I Think this should need to be discussed with product development team member. I’m not aware about this situation but that’s a good concerned raised.
Thanks & Best Regards,
Nipun
Hi,
I think the material demand from PM Action is decided and created from these rules.
From date for the material demand lines are created from the higher value of either:
‘Valid From’date in PM Action/General tab.
The System date.
To date for the material demand lines are created up to the least value of either:
‘Valid To’ date in PM Action/General tab.
‘PM_PLAN_HORIZON’ defined in Application Base Setup/System Setup/System Definitions/Object Property tab
The date you get by adding the number of days in ‘PM Inventory Part Demand Horizon (Days)’ field in Site/Maintenance tab to the current System date.
According to this, the easiest for you will probably be to decrease the value in ‘PM Inventory Part Demand Horizon (Days)’ field to shorten down the days forward the material demands will be set.
Otherwise the way to go is probably to either set the PM Action to Generatable = ‘No’ or the relevant Maintenance Plan lines to Generatable = ‘No’. If you are going to set the entire PM Actions to Generatable = ‘No’, you can do this for all in one go in the PM Administrator, if you can identify your PMs in a good way.
Hello @pekase ,
Thank you for the response. Unfortunately shortening the ‘PM Inventory Part Demand Horizon (Days)’ will not work in this instance because all the dates it’s planning for are in the past. That would work fine for future dates, but not when the machine has shut down and those predetermined ‘Due Dates’ are in the past.
Making all these non-generatable is not a good option either because it would be a constant battle to keep on top of them. I’m not in control of how long the machines are shut down, that is up to the organization that is contracting with us to do the work. They may tell us we are shut down for many months, only to come back a week later and tell us to start the machine up for more work. With so many machines, I don’t have the resources to ‘micro manage’ all the PM’s.

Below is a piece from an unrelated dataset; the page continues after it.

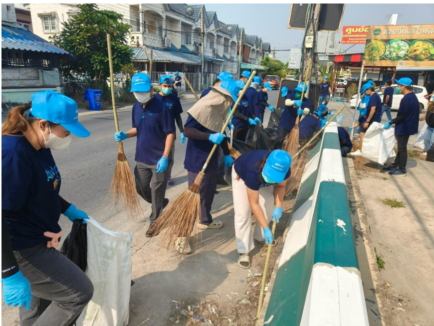
โครงการบ้านสวยด้วยมือเรา

I believe that demand shouldn’t be automatically created this way. It would be perfectly acceptable to generate demand for one of the past lines, but it should stop there. No organization is going to perform all those duplicate work orders when the machine starts up, and IFS does ‘figure it out’ once the accumulated value hits the first Planned Value and that work order is created. At that point, all the other old dates go away and those material lines disappear. My issue with how all this is working now is that when the crews go to the machine to start it up, hundreds of duplicate parts are in the demand and there is great confusion on what needs to be released to purchase.
Thank you,
Brian
Hi,
I even think there is a possibility to enter a negative number into ‘PM Inventory Part Demand Horizon (Days)’ field to also remove material demands back in time. But I have not tested it myself to see what consequences it might have.
Hello @pekase ,
Interesting - yes, it does allow for negative numbers and that does remove the old Published Demand. I appreciate the feedback since I wouldn’t have tried that based on the help for that line.
I agree that additional testing is needed to see what impact this has. I’ve tried it in our TEST environment this morning and it didn’t create demand when the work order was created. More work to be done before I say this has been resolved, so I’d appreciate any additional feedback anyone can provide!